Some Simple Stats with Perl 6

When my daughter told me she was taking statistics, I wondered how she could do that without knowing any calculus. Then on second thought, I guess there is a certain amount you can do with statistics, even without knowing any calculus.

Ah, yes. And last night’s homework assignment drilled that home. She asked me to help her. First, she needed to find a quantitative data set she could use to construct a histogram. Looking around the living room, I suggested, “What about the heights of the books on my book shelves? You could measure the spines and write them down in a data table.”

Now, I currently have nine full shelves of books in my living room, everything from Dave Barry and Dilbert to Peopleware to marketing and memoirs, theology and psychology, short stories and the theory of writing, to Holly Lisle, Douglas Adams, Robert Heinlein, and The Sisterhood of the Traveling Pants. (And I am not making this up.) And those are just the books that are actually on shelves, not the books that are still in boxes.

I think she was a little overwhelmed by the idea.

“You don’t have to include all the books, just one or two shelves worth. Maybe that one over there, half full of mass-market paperbacks all the same size.” Easy to measure, easy to count.

So we chose that shelf and the shelf just under it, a nice cross-section of fiction in mass-market, trade paperback, and hardcover. And then while she was manually collating the data, inspiration struck me. Why don’t I write a quick Perl 6 script to check her results. It’ll give me something to write about; plus I’ll see whether Perl 6 is really useful for anything, especially minor scripts.

And as it turns out, it might be.

Ha! I bet you thought I was joking about Holly Lisle, Douglas Adams, Robert Heinlein, and The Sisterhood of the Traveling Pants.
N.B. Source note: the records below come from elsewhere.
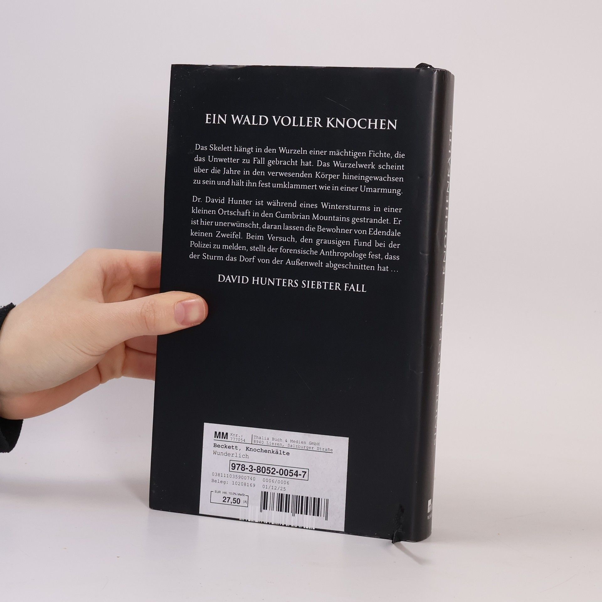 Inmitten eines Wintersturms ist Dr. David Hunter im Forest Hotel in Wales gestrandet. Umgeben von unheimlichem Nebel und kalter Einsamkeit macht er eine grausige Entdeckung im Wald. Die Polizei zu alarmieren wird schwierig, da der Sturm das Dorf abgeriegelt hat. Teil 7 der Bestsellerreihe von Simon Beckett.
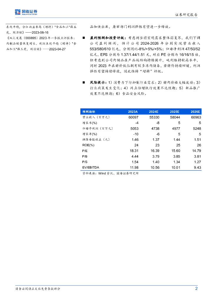 国海证券:双汇发展(000895)-2024年中报点评:肉制品销量承压,屠宰环比改善.pdf
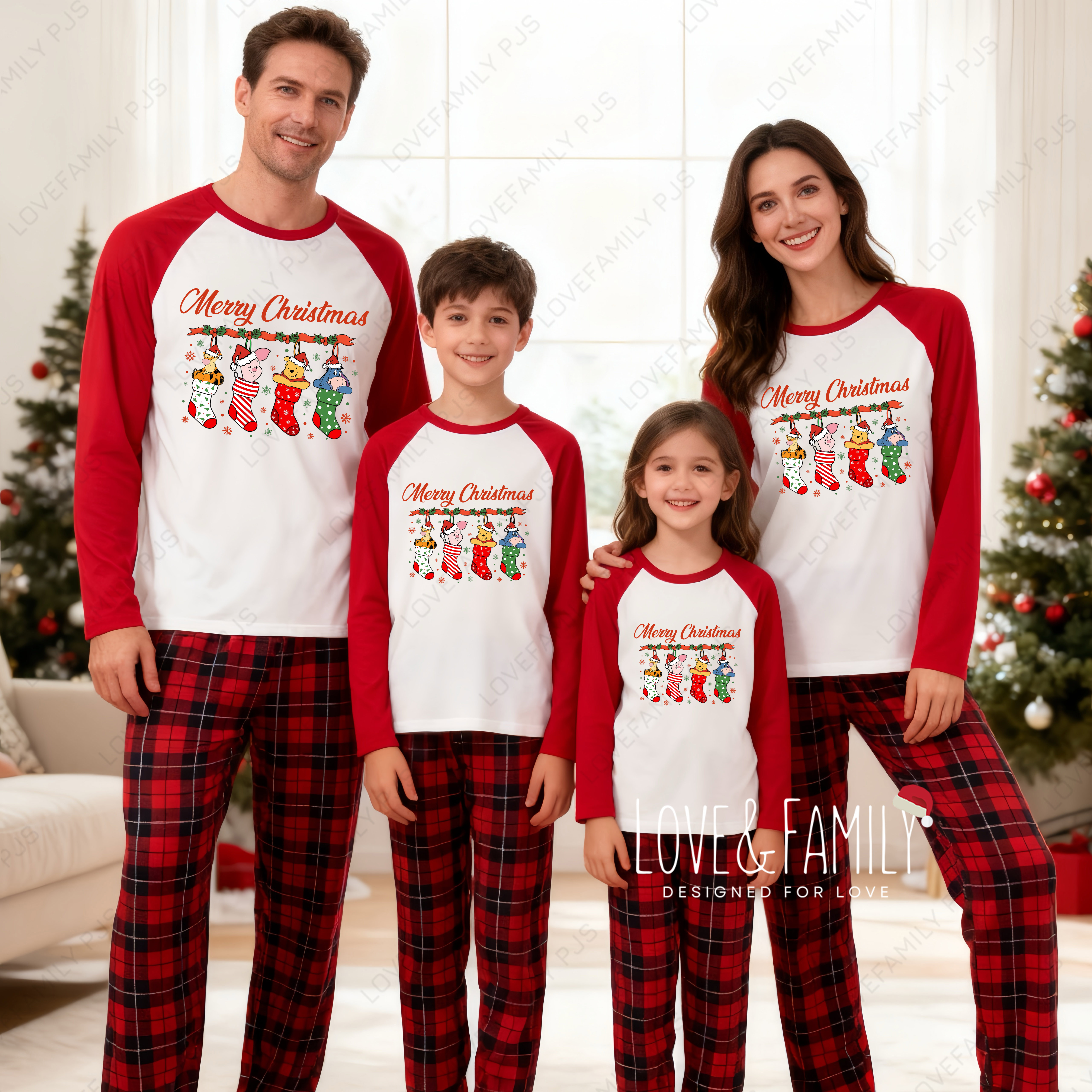 Merry Xmas Matching Sleepwear Winnie-the-Pooh Holiday Family Pajamas
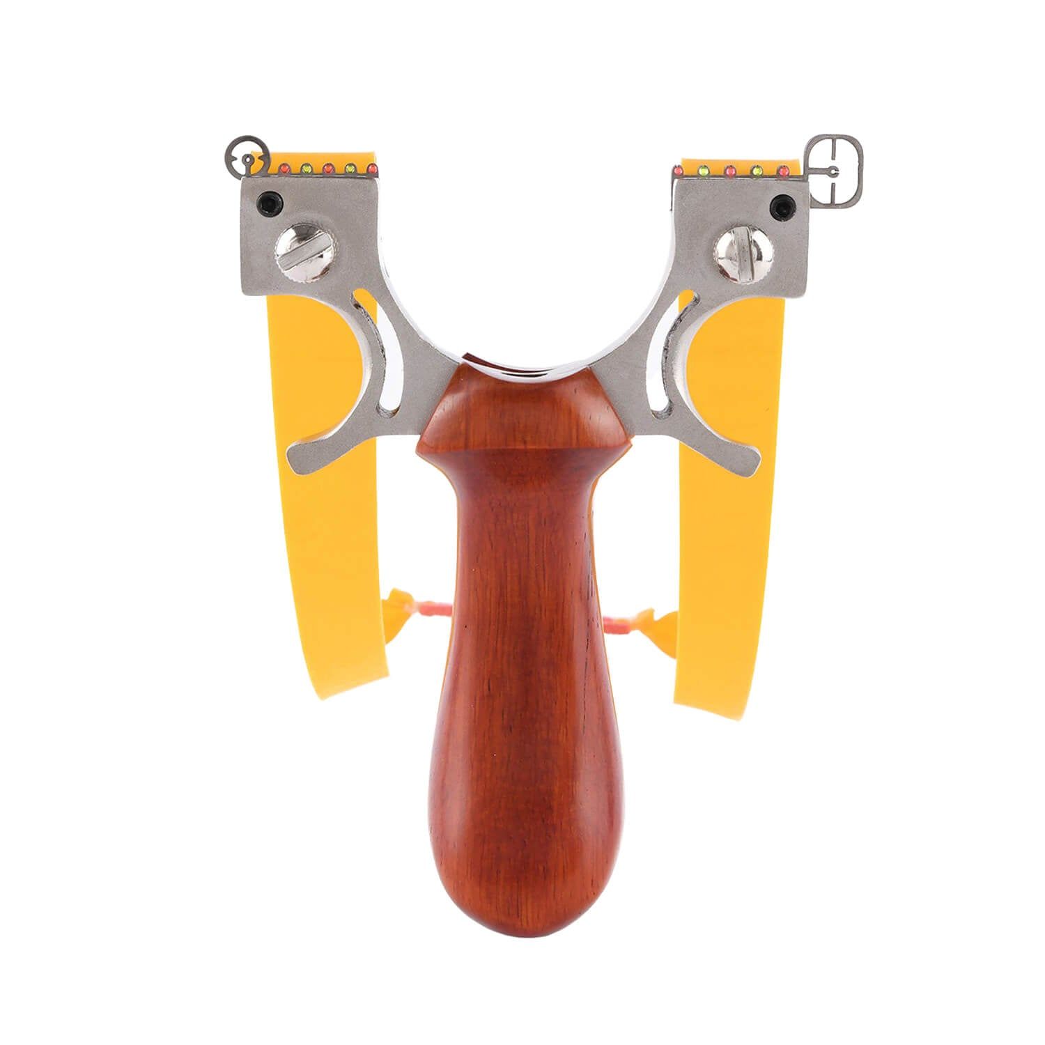 This premium tactical slingshot Ballista 06 is designed with a non-slip grip and two high tension rubber bands to provide power and aim. It is finished with a smooth, curved wooden handle for better functionality and comfort.

Geting the Data into Memory

Perl has always been good at reading and parsing streams of text data, and Perl 6 is no different. I knew I wanted to enter the book heights as a simple text file, one height per line, with an optional quantifier. So for example:

8.5 x 3
9 x 2

This sequence would indicate measurements for 7 books, 4 of them 8.5″ tall, one of them 7″ tall, and the remaining 2 of them 9″ tall. (We rounded all measurements to the nearest ¼”… more or less. And if we happened to measure wrong, well, no one will ever find out, anyhow.)

So the first thing I needed to do to write my script was to read in the data either from standard-in or from a file listed on the command line. In Perl 5, we used to do that with while (<>) magic. Perl 6 has a better way.

for lines() {
    # . . .

Why is that better? Because no magic, that’s why. This does exactly what it says, no more, no less. For each of the lines in the default input, do… Do what?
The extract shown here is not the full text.